===== The input =====

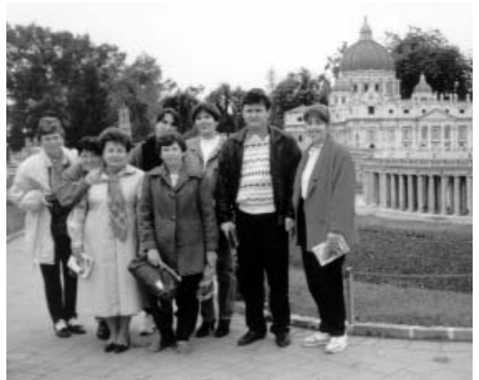
A Klagenfurti Minimundus megtekintése is felejthetetlen élmény marad
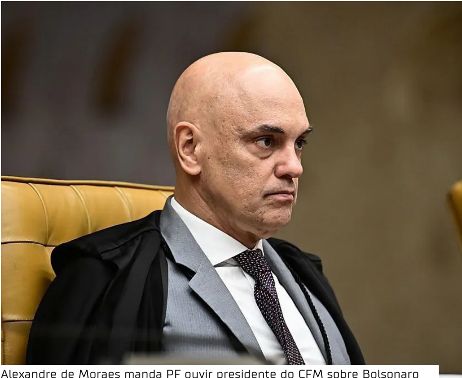
Alexandre de Moraes manda PF ouvir presidente do CFM sobre Bolsonaro

Segundo Moraes, a ação do Conselho é ilegal e a entidade não tem competência de fiscalização neste caso. A PF deve ouvir o presidente
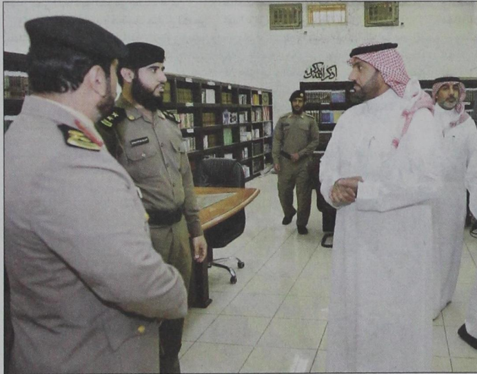
..ويستمع إلى شرح عن قسم الإرشاد والتوجيه بسجن الملز والبرامج التوعوية

التاريخ: 2014-10-05 رقم العدد: 0 رقم الصفحة: 5 مسلسل: 18 رقم القصاصة: 2
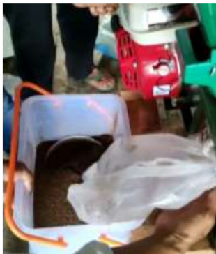
Gambar 5. Hasil Maggot yang Telah Digiling

Setelah semua bahan siap, saatnya pencampuran bahan menggunakan formula yang telah dibuat sebelumnya. Agar tercampur dengan rata, bahan-bahan tersebut dimasukkan ke mesin pencampur.
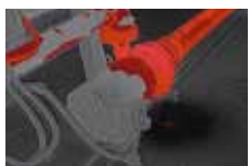
閾値設定機能 カラーアラーム機能
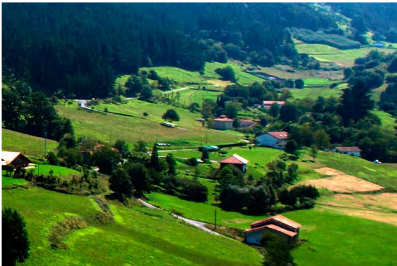
Figura 14. Caseríos dispersos en Ereño-Bollar.

Este paisaje de campiña, considerado como el tradicional paisaje agrícola vasco, con su poblamiento disperso y el mosaico de policultivos, praderas y repoblaciones, es el resultado de un proceso histórico de transformación intencionada de los antiguos paisajes
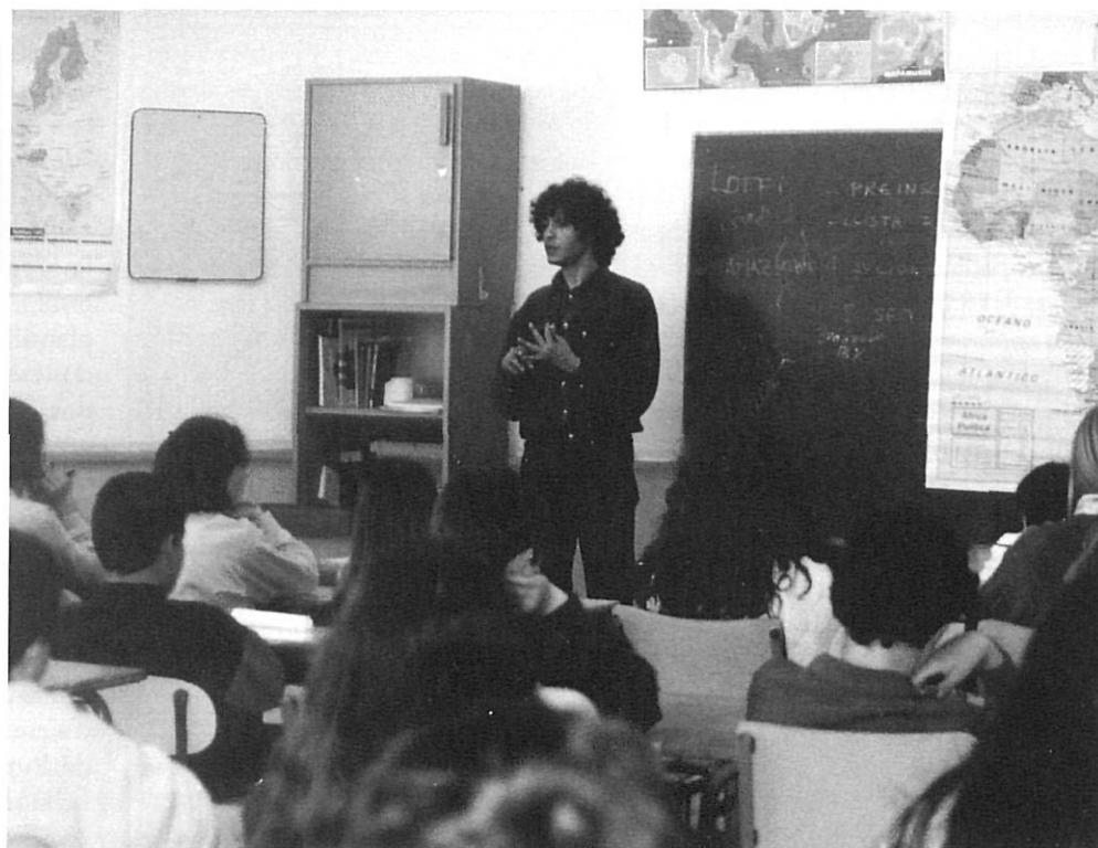
La proposta educativa "Coneguem el Marroc", a l'escola Anicet de Pagès, de Figueres.
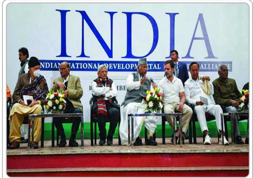
वर्ष 2024 के लोकसभा चुनाव ऐतिहासिक होंगे। ऐसी संभावनाएं हैं कि भाजपा शारदार एवं ऐतिहासिक जीत को सुनिश्चित करने के लक्ष्य को लेकर सक्रिय है। नरेन्द्र मोदी चाहते हैं कि इन चुनावों के परिणाम उनके 400 सीटों के लक्ष्य को हासिल करें।

दलों का राज्य की राजनीति पर दबदबा बना रहा। पटनायक राजनीति के महारथी हैं, उनको
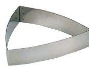
17 三角A型 (WDB-70) 内
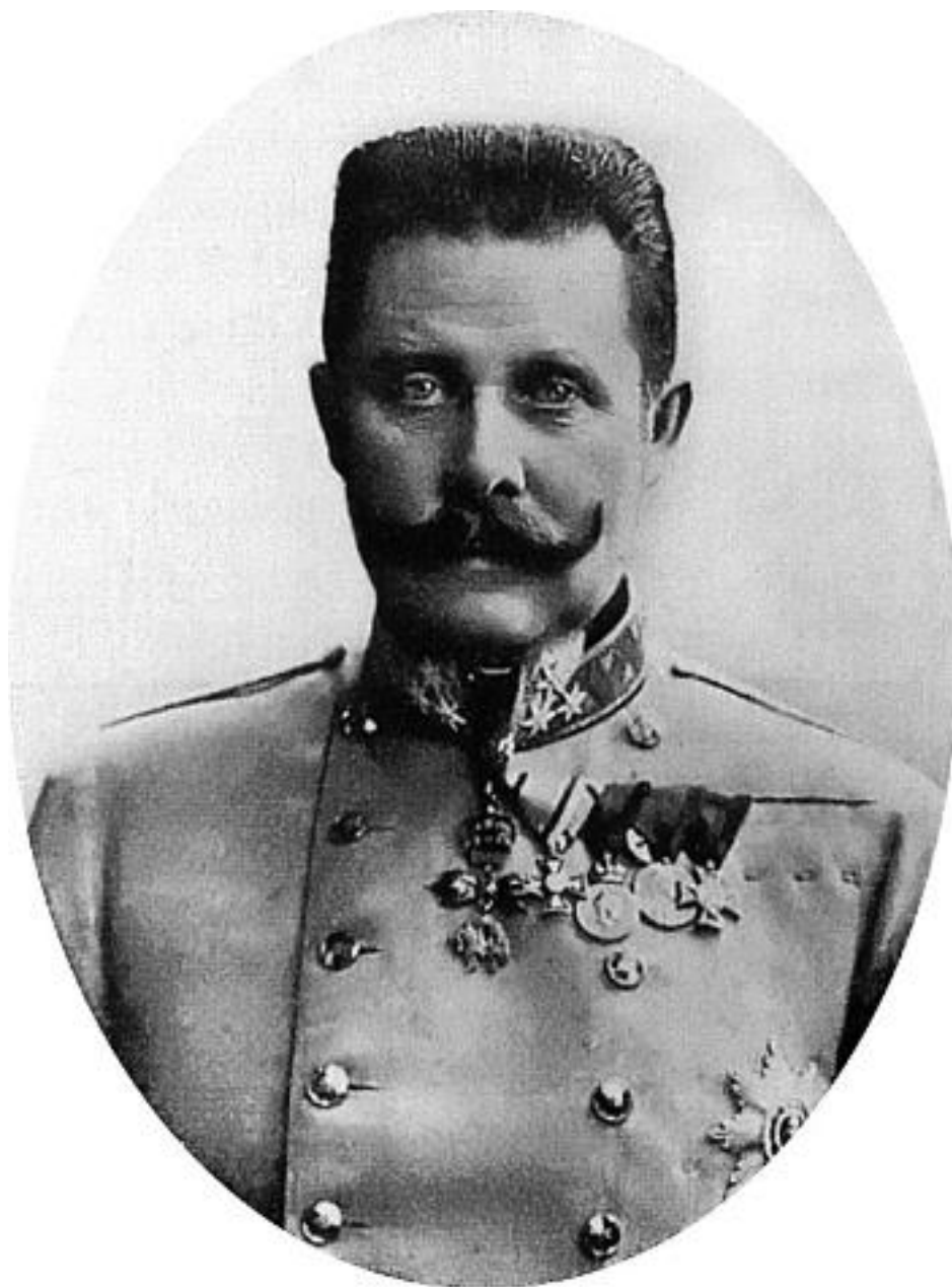
Эрцгерцог Франц Фердинанд

Хотя между Германией и Россией не существовало непреодолимых противоречий, для разрешения которых непременно требовалось бы воевать (на что в свое время указывал и О. Бисмарк), и стремление Германии к переделу мира, в котором доминировали Англия и Франция, вело Германию к столкновению именно с этими странами, но Россия наряду с Англией и Францией была членом Антанты, что вынуждало Германию смотреть на Россию как на своего неприятеля.
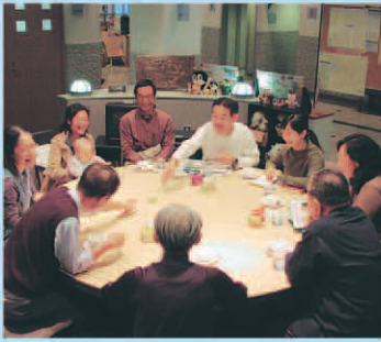
みんな楽しく中国語会話

この講座は、先生も生徒もい ません。皆と一緒に中国語で楽 しく話し合うのが特徴です。こ の講座の目的は、中国語が読め るだけではなく聞いて分かる 話せることも上手になるよう にさせたいです。今は、色々な事 を話題にして面白く楽しく会話 しています。これからは、皆さ んと相談しながら、テーマを決 めていこうかと思っています。
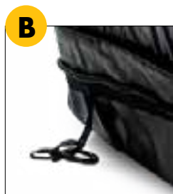
Sangle en D
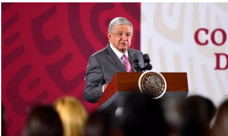
Presidente Andrés Manuel López Obrador

No nos vamos a quedar callados, se debe dar credibilidad a las instituciones; hacer investigación de fondo
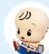
国勢調査 イメージキャラクター センサスくん
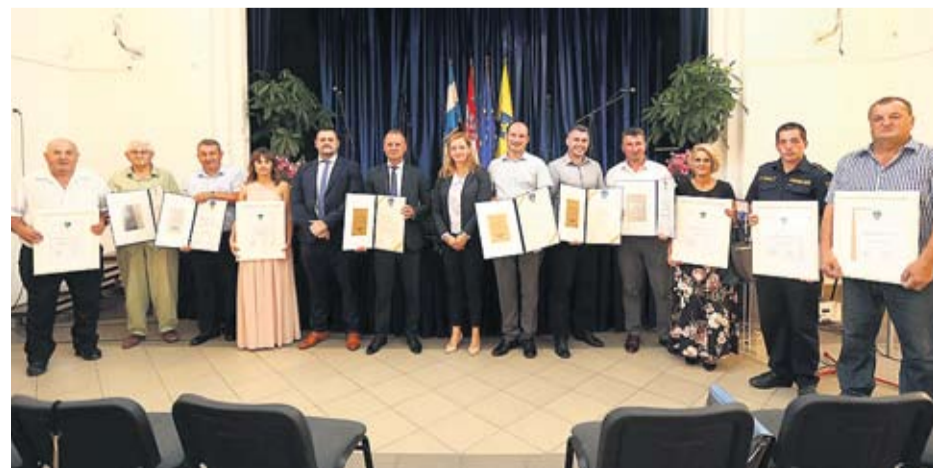
Dobitnici ovogodišnjih priznanja

građevinarstvo i projektiranje, za dugogodišnju uspješnu suradnju i izniman doprinos u izgradnji cestovne infrastruk-
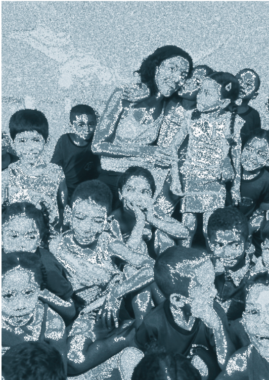
Les Enseignants qui aiment et respectent les enfants les rendent heureux et motivés (Brésil)

D'autres raisons avancées par les intervenants attestant de l'absence actuelle d'un CP national au Brésil incluent:
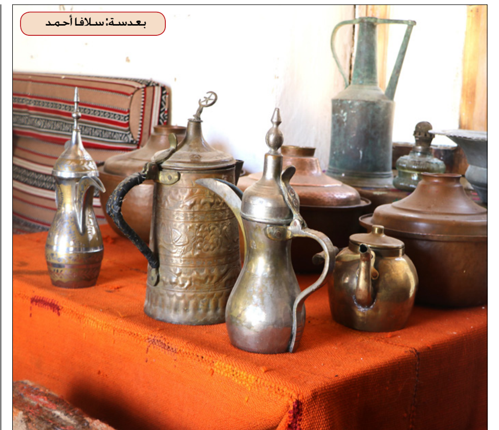
بعديسة، سلفاً أحمد

ونشأت مريم بربري في قرية بحينة صفانس وسط

=====

- What to produce:
Look above for the line with "दलों का राज्य" and the line with "Эрцгерцог Франц Фердинанд". Output those two and everything between them exactly, pictures excluded.

- Response:
दलों का राज्य की राजनीति पर दबदबा बना रहा। पटनायक राजनीति के महारथी हैं, उनको
17 三角A型 (WDB-70) 内
Эрцгерцог Франц Фердинанд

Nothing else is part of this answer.